---------- PROVIDED DATA

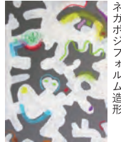
ネガポジフォルム造形
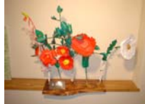
4565_H30延年華づくり講座写真015
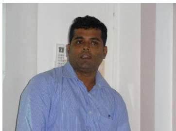
アマダーラプラ水道の
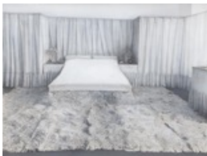
Habitació Lina Loos The Albertina Museum, Vienna
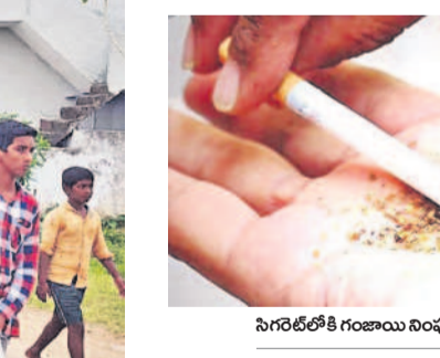
సిగరెట్ లోకి గంజాయి నింపుతున్న దృశ్యం
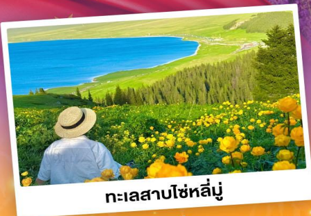
ทะเลสาบโซห์ลีมู่

ถ่ายรูปทุ่งดอกลาเวนเดอร์ - ทุ่งหญ้าคาลาจั้น SKY GRASSLAND ทุ่งหญ้ามรดกโลก
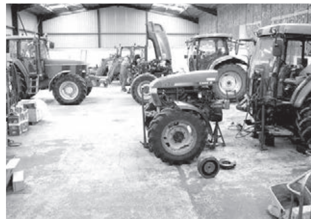
■ Для приобретения техники сельхозпроизводители пользуются льготным кредитованием.
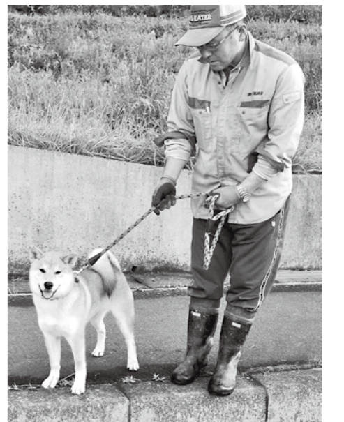
愛犬の“大地”と散歩

まちづくり推進課長 様々な要件はあるが、新規に結婚した世帯を対象に上限を20万円として新居の購入費、家賃、または引っ越し費用を助成している。子育て支援は保育所、幼稚園児、小中学生に対して教育環境を整え、さらには保育支援や就業援助、医療費助成を行っている。
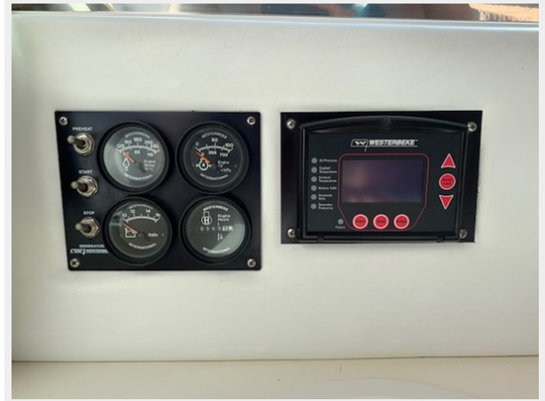
2nd Gen Control Panel
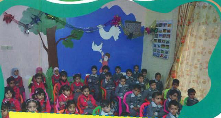
أطفال روضة الإمام الحسين عليه السلام القرآنية بزيهم الجديد
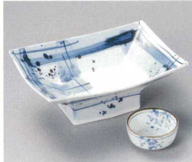
01207-461 染付呉須格子長角高台向付 5,300円 (20×14.5×8cm) 01208-461 吹墨丸千代口 1,210円 (6.5×3cm)
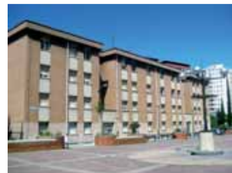
Aspecto actual de las casas.

riasgrupo.com ), con sede en San Sebastián. Pero antes, quiere constatar si existe demanda por parte de los vecinos. Por ello, solicita que, quienes tengan interés, se pongan en contacto con el Grupo Inmobiliario Chapitela (C/ Padre Calatayud 1-1ªA), que se encarga de la comercialización en Pamplona. Contacto: 633 410 237. Correo: javierlopezpatus@gmail.com . El Ayuntamiento valoró en su momento el solar en 660.068 euros. En la parcela, los compradores podrán ofertar viviendas de protección oficial.
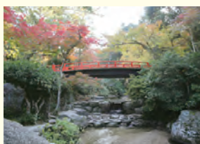
紅葉谷川庭園砂防施設
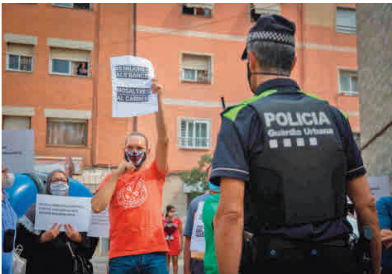
Los desahucios han crecido en el primer trimestre de este año
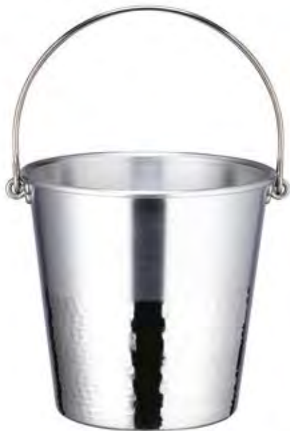
3070/1 CIONDOLO - MARTELLATO
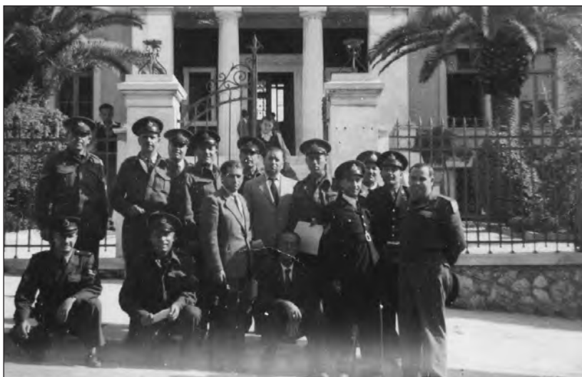
Μία ομάδα υποψηφίων αξιωματικών, αμέσως μετά τη διαδικασία των εξετάσεων, τη δεκαετία του 1940.
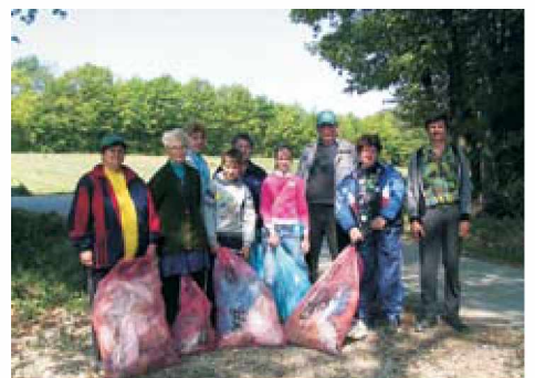
Skupina v Kruplivniku
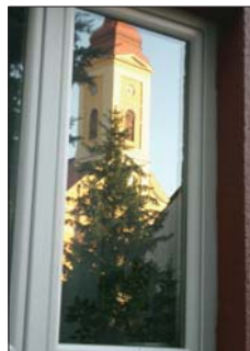
Répasiné Kosza: Lenke- Hivatalok
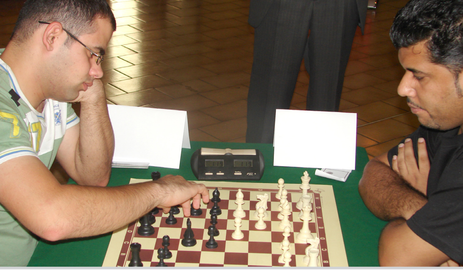
جانب من إحدى بطولات الشطرنج المحلية
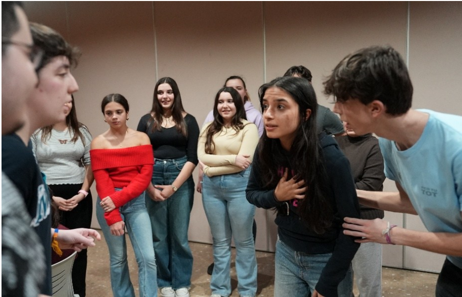
Intervenció artística i comunitària a L'Hospitalet del Llobregat (Temporada 24/25) Dir. PLAUDITE Teatre.
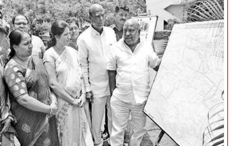
లక్ష్యంగా పెట్టుకున్నామన్నారు. మేడిపల్లి శాంతివనం, భాగ్యనగర్ నందనవనం, ఘట్కెసర్, నారపల్లిలోని ఉద్యానాలను కూడా సందర్శకులకు చేరువ చేయాలనేది ముఖ్యమంత్రి లక్ష్యం. అందుకోసం ఎలాంటి చర్యలు తీసుకోవాలనే అంశంపై ఆలోచనలు చేస్తామని కమిషనర్ చెప్పారు.
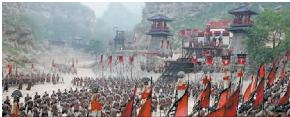
影片《赤壁》在美国市场票房仅收获56万美元。
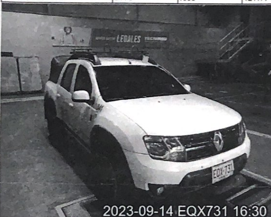
2023-09-14 EQX731 16:30
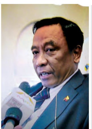
ပြည်ထောင်စု ဝန်ကြီး ဦးဌေး အောင် မိဒီယာ များ အား ဖြေကြားစဉ်။
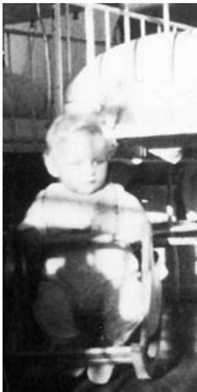
1946. Lille Pylle sidder alene på det bare gulv. Det skulle dog snart blive bedre med indførelsen af nye pædagogiske teorier.
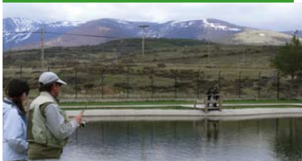
Pineda de la Sierra

Estas instalaciones están abiertas a toda la población, niños, jóvenes y adultos y a los colectivos de pescadores que se inician en esta afición, en particular.
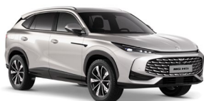
STRIEBORNÁ STERLING* Metalická farba
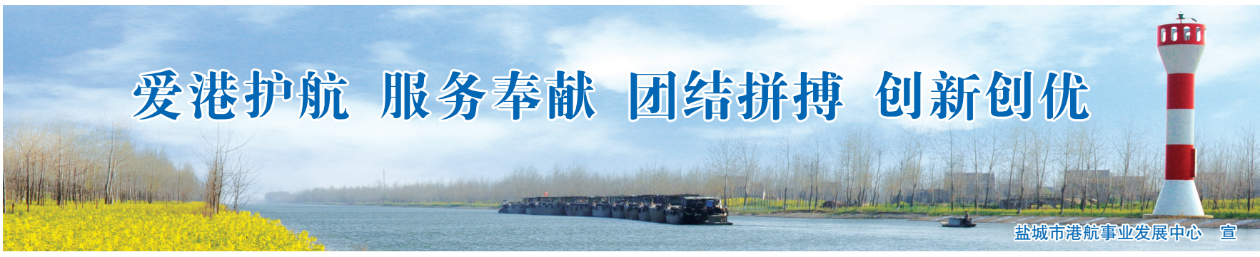
盐城市港航事业发展中心 宣

--------------------

▶ [YOUR GOAL]:
Please reproduce the material above word for word, without its images.

▶ [PROBLEM SOLUTION]:
ネガポジフォルム造形
4565_H30延年華づくり講座写真015
アマダーラプラ水道の
Habitació Lina Loos The Albertina Museum, Vienna
సిగరెట్ లోకి గంజాయి నింపుతున్న దృశ్యం
ทะเลสาบโซห์ลีมู่

ถ่ายรูปทุ่งดอกลาเวนเดอร์ - ทุ่งหญ้าคาลาจั้น SKY GRASSLAND ทุ่งหญ้ามรดกโลก
■ Для приобретения техники сельхозпроизводители пользуются льготным кредитованием.
愛犬の“大地”と散歩

まちづくり推進課長 様々な要件はあるが、新規に結婚した世帯を対象に上限を20万円として新居の購入費、家賃、または引っ越し費用を助成している。子育て支援は保育所、幼稚園児、小中学生に対して教育環境を整え、さらには保育支援や就業援助、医療費助成を行っている。
2nd Gen Control Panel
أطفال روضة الإمام الحسين عليه السلام القرآنية بزيهم الجديد
01207-461 染付呉須格子長角高台向付 5,300円 (20×14.5×8cm) 01208-461 吹墨丸千代口 1,210円 (6.5×3cm)
Aspecto actual de las casas.

riasgrupo.com ), con sede en San Sebastián. Pero antes, quiere constatar si existe demanda por parte de los vecinos. Por ello, solicita que, quienes tengan interés, se pongan en contacto con el Grupo Inmobiliario Chapitela (C/ Padre Calatayud 1-1ªA), que se encarga de la comercialización en Pamplona. Contacto: 633 410 237. Correo: javierlopezpatus@gmail.com . El Ayuntamiento valoró en su momento el solar en 660.068 euros. En la parcela, los compradores podrán ofertar viviendas de protección oficial.
紅葉谷川庭園砂防施設
Los desahucios han crecido en el primer trimestre de este año
3070/1 CIONDOLO - MARTELLATO
Μία ομάδα υποψηφίων αξιωματικών, αμέσως μετά τη διαδικασία των εξετάσεων, τη δεκαετία του 1940.
Skupina v Kruplivniku
Répasiné Kosza: Lenke- Hivatalok
جانب من إحدى بطولات الشطرنج المحلية
Intervenció artística i comunitària a L'Hospitalet del Llobregat (Temporada 24/25) Dir. PLAUDITE Teatre.
లక్ష్యంగా పెట్టుకున్నామన్నారు. మేడిపల్లి శాంతివనం, భాగ్యనగర్ నందనవనం, ఘట్కెసర్, నారపల్లిలోని ఉద్యానాలను కూడా సందర్శకులకు చేరువ చేయాలనేది ముఖ్యమంత్రి లక్ష్యం. అందుకోసం ఎలాంటి చర్యలు తీసుకోవాలనే అంశంపై ఆలోచనలు చేస్తామని కమిషనర్ చెప్పారు.
影片《赤壁》在美国市场票房仅收获56万美元。
2023-09-14 EQX731 16:30
ပြည်ထောင်စု ဝန်ကြီး ဦးဌေး အောင် မိဒီယာ များ အား ဖြေကြားစဉ်။
1946. Lille Pylle sidder alene på det bare gulv. Det skulle dog snart blive bedre med indførelsen af nye pædagogiske teorier.
Pineda de la Sierra

Estas instalaciones están abiertas a toda la población, niños, jóvenes y adultos y a los colectivos de pescadores que se inician en esta afición, en particular.
STRIEBORNÁ STERLING* Metalická farba
盐城市港航事业发展中心 宣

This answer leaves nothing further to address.